As we have reported previously, the result of the European Union referendum (Brexit) was announced on 24 June 2016 with a vote in favour of the UK leaving the EU.
We have issued a series of Brexit updates since the date of the referendum. To access such prior alerts, please visit our Brexit page.
The newly-formed UK Parliament votes in favour of Boris Johnson’s Withdrawal Agreement as the UK prepares to leave the EU on 31 January 2020, followed by a transition period that will last until 31 December 2020
As we reported on 5 November 2019, the UK government made the European Union (Withdrawal) Act 2018 (Exit Day) (Amendment) (No. 3) Regulations 2019 (SI 2019/1423) on 30 October 2019 to postpone the date that the UK will leave the EU from 31 October 2019 to 31 January 2020 (“Exit Day”).
Following the UK general election of 12 December 2019, which gave the Brexit-backing Conservative Party a parliamentary majority of 80, the UK’s House of Commons voted on 9 January 2020 to support a bill to adopt UK Prime Minister Boris Johnson’s Withdrawal Agreement (the “Bill”), which sets out the terms of the UK’s exit from the EU. The Bill has since been approved by the UK’s House of Lords and received royal assent on 23 January 2020 to become UK law.
The key terms of the Withdrawal Agreement include:
- the departure of the whole of the UK from the EU customs union (a union between EU member states not to charge tariffs on goods/services coming from other EU member states, and to charge the same tariffs as each EU member state on goods/services coming from outside the EU), which will enable the UK to strike trade deals with non-EU countries in the future;
- the creation of a customs border between Northern Ireland (which stays as part of the UK) and the Republic of Ireland (which remains a member of the EU). In practice, goods will be checked at the “points of entry” from Great Britain into Northern Ireland, meaning that the customs border will serve to separate Great Britain and the isle of Ireland. The UK government maintains that there will be no corresponding checks on goods moving from Northern Ireland into Great Britain but this is to be agreed with the EU;
- the imposition of a transition period from Exit Day that will last until 31 December 2020 (the “Transition Period”) during which the UK will remain in the single market and the customs union, and will continue to follow all EU legislation; and
- a requirement for the UK to settle its financial obligations to the EU, which will include UK contributions to the EU budget until the end of the Transition Period. This amount has not been quantified in the Withdrawal Agreement but was estimated to be approximately £32.8bn by the UK’s Office for Budget Responsibility based upon the previously proposed Exit Day of 31 October 2019.
On 24 January 2020, the Withdrawal Agreement was signed by the heads of the European Commission and Council.

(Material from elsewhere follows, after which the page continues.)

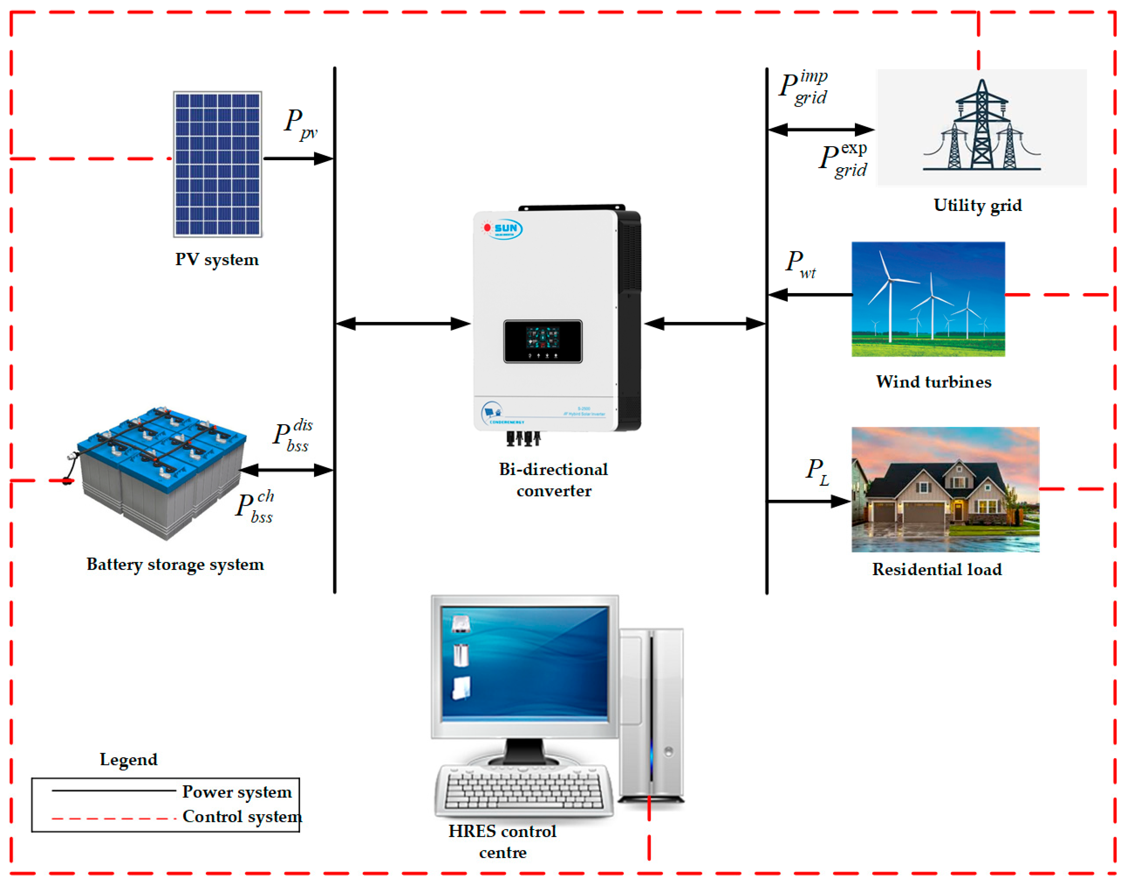 | Grid-connected HRES [42] | ✓ | ✓ | ✓ | ✓ | ✓ | ✕ | ✕ | MPC | Operating costs | Did not cover appliance scheduling |

The Withdrawal Agreement still needs to be ratified by the European Parliament before the UK leaves the EU. Members of the European Parliament are due to vote on the Withdrawal Agreement on 29 January 2020.
After Exit Day, the UK intends to agree a Canada-style trade agreement with the EU during the Transition Period. This would mean that the UK will no longer be a member of the single market and customs union, and will cease to remain aligned with EU legislation from 1 January 2021.
Finalising such a trade agreement before the end of 2020 will be challenging for both negotiating teams from the UK and the EU.